The lacrimal system

Development of the lacrimal gland

Lacrimal gland embryogenesis can be divided into three stages:

• Stage of presumptive gland formation: This corresponds to O’Rahilly’s (Carnegie) stages 19–20 and begins with focal forniceal epithelial thickening with surrounding mesodermal condensation.

• Stage of epithelial bud: This corresponds to O’Rahilly’s stages 21–23. Structural initiation of the gland begins, appearing as nodular thickening in the superior conjunctival fornix with appearance of a lumen in the terminal buds.

• Stage of glandular maturity: This corresponds to embryonic weeks 9–16 and heralds the appearance of myoepithelial cells, acini, ducts, and secretory granules which contribute to morphological and functional maturity.

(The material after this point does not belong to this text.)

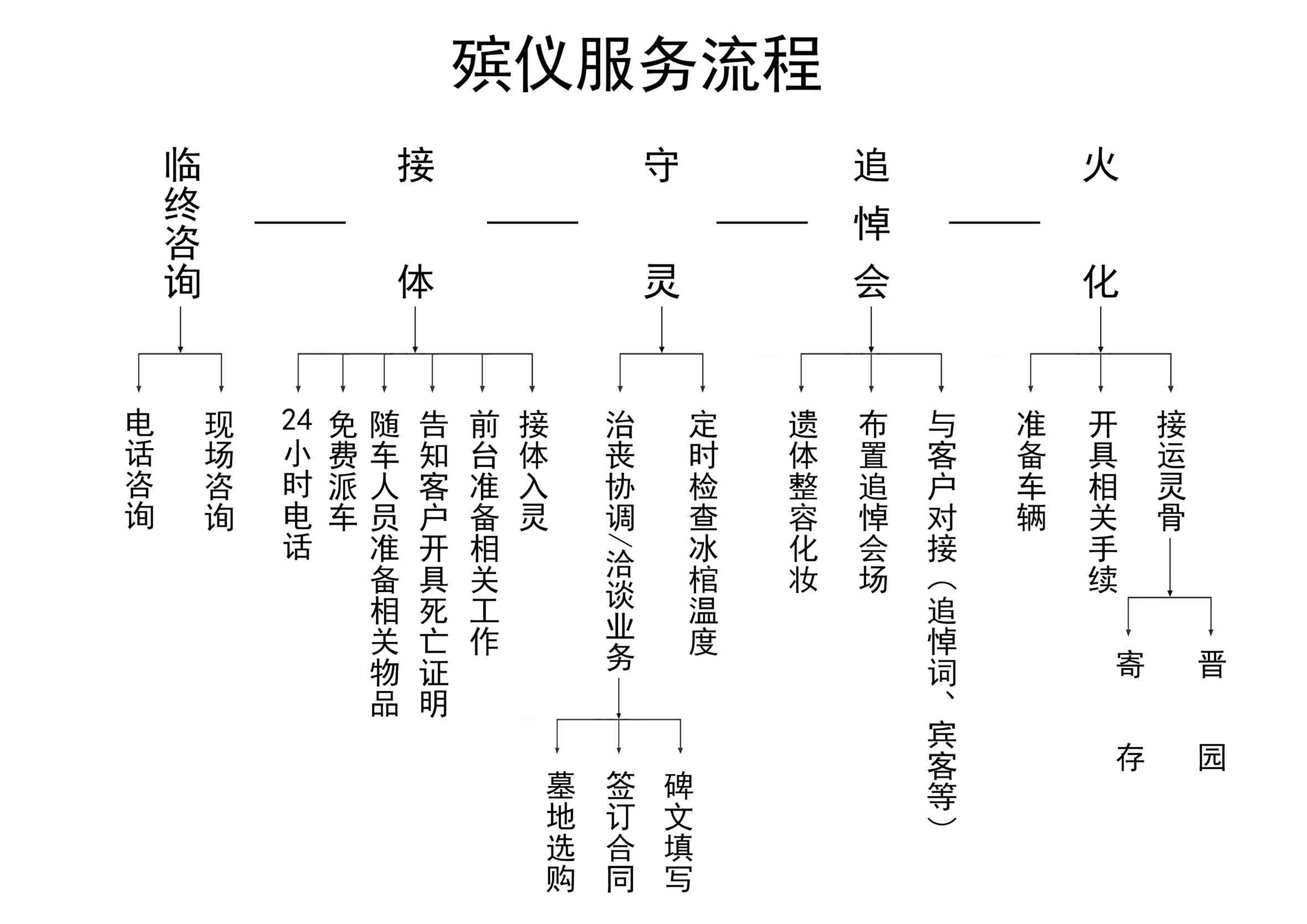 我单位拥有一支专业的殡仪服务团队,从临终咨询到接体、守灵、追悼会、火化、后续关怀等一系列项目,实行一站式管家服务,由礼仪师全程负责,给予客户无微不至的关怀,真正的让生命更具有尊严,使丧葬文化不再只有哭泣与无措。 服务项目主要有公墓销售,尊体接运,守灵追悼,火化,骨灰寄存,晋园安葬,客户用餐,提供寿衣、骨灰盒、花圈花篮、祭祀等殡葬用品,遗像制作,MV、幻灯片等制作,鲜花布置。本公司还可向客户提供供品、丧葬纸扎等用品的代办服务。

Overview of the anatomy and physiology of the lacrimal gland

The human lacrimal gland (LG) is housed in the bony lacrimal fossa in the supero-temporal portion of the orbit and is composed of two lobes, the orbital lobe and the palpebral lobe. It is a well-organized tubuloalveolar gland composed of lobules which are formed by neighboring acini and their ducts ( Fig. 18.1 ). Fusion of a few such lobules leads to the formation of lobes, each of which is separated by intervening connective tissue. Just like the lobes and lobules, the corresponding ducts are also structured to form interlobular, intralobular, interlobar, and intralobar ducts. The acinar and ductal epithelia are lined by myoepithelial cells which facilitate secretion and help to maintain the structural integrity of the LG components.

The acini and the ducts form the fundamental units of LG physiology. The acini secrete numerous constituents of the tears, including water, electrolytes, and proteins, which are further modified by the ductular epithelium by the process of selective resorption. These tears later form an important constituent of the ocular surface tear film. The importance of tear fluid from LG in maintaining the healthy microenvironment of the ocular surface cannot be over-emphasized.

Pediatric dry eye disease

Pediatric dry eye disease (DED) is an under-diagnosed entity. The cause may be congenital or acquired. Congenital causes broadly include all causes of alacrima ( Table 18.1 ), a rare condition characterized by structural and functional morphogenetic disorders. These include either complete absence of the LG, severe dysgenesis of the tubuloacinar architecture or innervation abnormalities. Acquired causes of DED include meibomitis, allergic conjunctivitis, vernal keratoconjunctivitis, post-trauma scarring, chemical and thermal burns, infections like Epstein–Barr virus and bacterial dacryoadenitis, post-radiotherapy, autoimmune etiologies like Sjögren syndrome, systemic lupus erythematosus, and Steven–Johnson syndrome.

The child with dry eyes usually presents with severe photophobia with or without ocular surface changes such as conjunctival injection, corneal staining due to punctate keratopathy, and in advanced stages keratinization of the ocular surface. Any child with suspected dry eye should be meticulously evaluated with the help of slit-lamp and clinical investigations like Schirmer 1, tear osmolarity, tear break-up time, corneal fluorescein staining, and conjunctival lissamine green staining. In addition, questionnaires and scoring systems like the Canada dry eye assessment (CDEA), dry eye score system (DESS), and ocular surface disease index (OSDI) are also helpful in evaluation and monitoring. In cases of suspected alacrima, computed tomography or magnetic resonance imaging can help to identify an absent or hypoplastic LG.

There are many treatment modalities for dry eyes tear replacement or tear simulating therapies. Each has benefits and disadvantages so treatment needs to be tailored for individual patient needs. In addition, treatments may also be directed towards the causative agents and underlying autoimmune diseases. While dry eye disease manifestations and treatments would be the focus of a pediatric ophthalmologist, it must be remembered that alacrima may be the initial manifestation of an underlying congenital syndrome (Riley Day syndrome) which is potentially fatal due to autonomic crisis. Hence, appropriate referral and multidisciplinary management are appropriate.

Ectopic LG

During embryogenesis part of the lacrimal gland may be sequestered, behaving independently in terms of growth, secretions or pathologies. Although rare, ectopic LG has been documented in the orbit, eyelids, extraocular muscles, conjunctiva, caruncle, and even within the lacrimal sac ( Fig. 18.2 ). Cysts involving this ectopic lacrimal tissue can manifest as proptosis, dystopia, ptosis, visual loss, lacrimal drainage obstruction or an ocular surface mass lesion. CT scans may help but excision biopsy with histological confirmation leads to a definitive diagnosis and, if totally excised, resolution.